Jesus greift diese Bildreden der Propheten auf. Aber er fügt ihnen ein völlig neues Element hinzu: „Zuletzt sandte der Weinbergsbesitzer seinen Sohn zu ihnen; denn er dachte: Vor meinem Sohn werden sie Achtung haben.“ Jesus bringt sich selber in das Gleichnis ein. Die vor ihm von Gott Gesandten waren Knechte des Gutsherrn. Damit meint Jesus die Propheten, die Gott zu seinem Volk gesandt hat. Er ist mehr als ein Prophet. Er ist der Sohn. Er ist Gottes letzter und höchster Bote. Jesus konnte nicht deutlicher sagen, wer er selber ist. Seine Zuhörer haben verstanden. Sie waren empört - oder glaubten ihm.
Niemand kann ernsthaft behaupten, Jesus habe sich „nur“ für einen Propheten gehalten. Er war überzeugt, eine einzigartige Beziehung zu Gott zu haben: nicht Knecht, sondern Sohn. Bis heute scheiden sich daran die Geister.
Was Jesus in diesem Gleichnis seinen Zuhörern sagt, ist kräftige Kost: Wenn ihr mich ablehnt, dann habt ihr Gottes letzten Boten verworfen.
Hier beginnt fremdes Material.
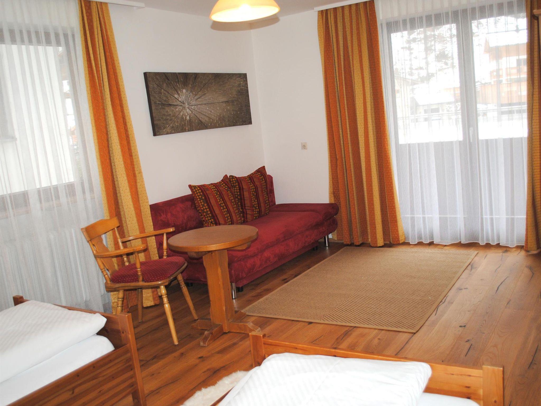 Liebevoll eingerichtete Ferienwohnung für bis zu 6 Personen mit zwei getrennten Schlafzimmern (einmal Doppelbett, einmal 2 getrennte Betten, jeweils eine Schlafcouch), Sat-TV, Wohnraum mit Küchenzeile, Geschirrspüler, Backrohr, Mikrowelle, Kaffemaschine und gemütlicher Sitzecke, Badezimmer mit Badewanne/Dusche und WC. Großer möbelierter Balkon!

Dann kann Gott seinerseits euch nur verwerfen. Hat Gott das nicht getan? Hat er das jüdische Volk nicht verworfen, nachdem es Jesus, den Sohn Gottes, nicht angenommen, sondern getötet hat? So endet das Gleichnis. Es droht mit der Verwerfung des jüdischen Volkes durch Gott.
Kam es dazu? Hat Gott die Juden „enterbt“? Das wurde oft von uns Christen behauptet, mit tragischen Folgen für die Juden. Doch hat Jesus anders gehandelt. Er hat die Drohung umgekehrt. Er hat sein Leben für sein Volk hingegeben. Und für uns alle. Wir alle hätten „enterbt“ gehört. Für uns alle hat er sein Blut vergossen, für Juden, Christen und für alle Menschen. Das feiern wir, wenn wir den Wein in der Messe erheben, der zu Jesu Blut geworden ist, uns allen zum Heil.
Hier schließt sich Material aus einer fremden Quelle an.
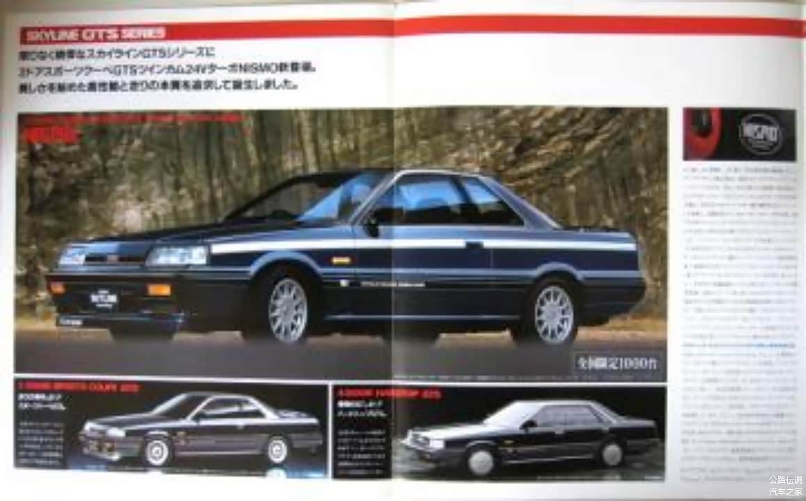 到了85年,就推出了第一款量产车,Skyline GTS Nismo,代号R31。这代Skyline是第一次用RB系列的直列六缸引擎,180匹,零百加速7.9秒,和普通版一模一样啊。没错啊,因为第一次出量产车,也不敢太激进。说就说是Nismo版本,但性能上就不搞他了,改一下包围、内饰、换换方向盘、运动座椅这些,主打一个营造氛围、提升情绪价值,内心增加5匹马力,然后在日本限量发售了1000辆。

In jener Zeit sprach Jesus zu den Hohenpriestern und den Ältesten des Volkes: Hört noch ein anderes Gleichnis:
Es war ein Gutsbesitzer, der legte einen Weinberg an, zog ringsherum einen Zaun, hob eine Kelter aus und baute einen Turm.
Dann verpachtete er den Weinberg an Winzer und reiste in ein anderes Land. Als nun die Erntezeit kam, schickte er seine Knechte zu den Winzern, um seinen Anteil an den Früchten holen zu lassen.
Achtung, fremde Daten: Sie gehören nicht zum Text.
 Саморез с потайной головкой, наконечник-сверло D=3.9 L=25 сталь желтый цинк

Die Winzer aber packten seine Knechte; den einen prügelten sie, den andern brachten sie um, einen dritten steinigten sie. Darauf schickte er andere Knechte, mehr als das erste Mal; mit ihnen machten sie es genauso.
Zuletzt sandte er seinen Sohn zu ihnen; denn er dachte: Vor meinem Sohn werden sie Achtung haben. Als die Winzer den Sohn sahen, sagten sie zueinander: Das ist der Erbe. Auf, wir wollen ihn töten, damit wir seinen Besitz erben. Und sie packten ihn, warfen ihn aus dem Weinberg hinaus und brachten ihn um.
Wenn nun der Besitzer des Weinbergs kommt: Was wird er mit solchen Winzern tun? Sie sagten zu ihm: Er wird diesen bösen Menschen ein böses Ende bereiten und den Weinberg an andere Winzer verpachten, die ihm die Früchte abliefern, wenn es Zeit dafür ist.
Und Jesus sagte zu ihnen: Habt ihr nie in der Schrift gelesen: Der Stein, den die Bauleute verworfen haben, er ist zum Eckstein geworden; das hat der Herr vollbracht, vor unseren Augen geschah dieses Wunder? Und wer auf diesen Stein fällt, der wird zerschellen; auf wen der Stein aber fällt, den wird er zermalmen. Darum sage ich euch: Das Reich Gottes wird euch weggenommen und einem Volk gegeben werden, das die erwarteten Früchte bringt.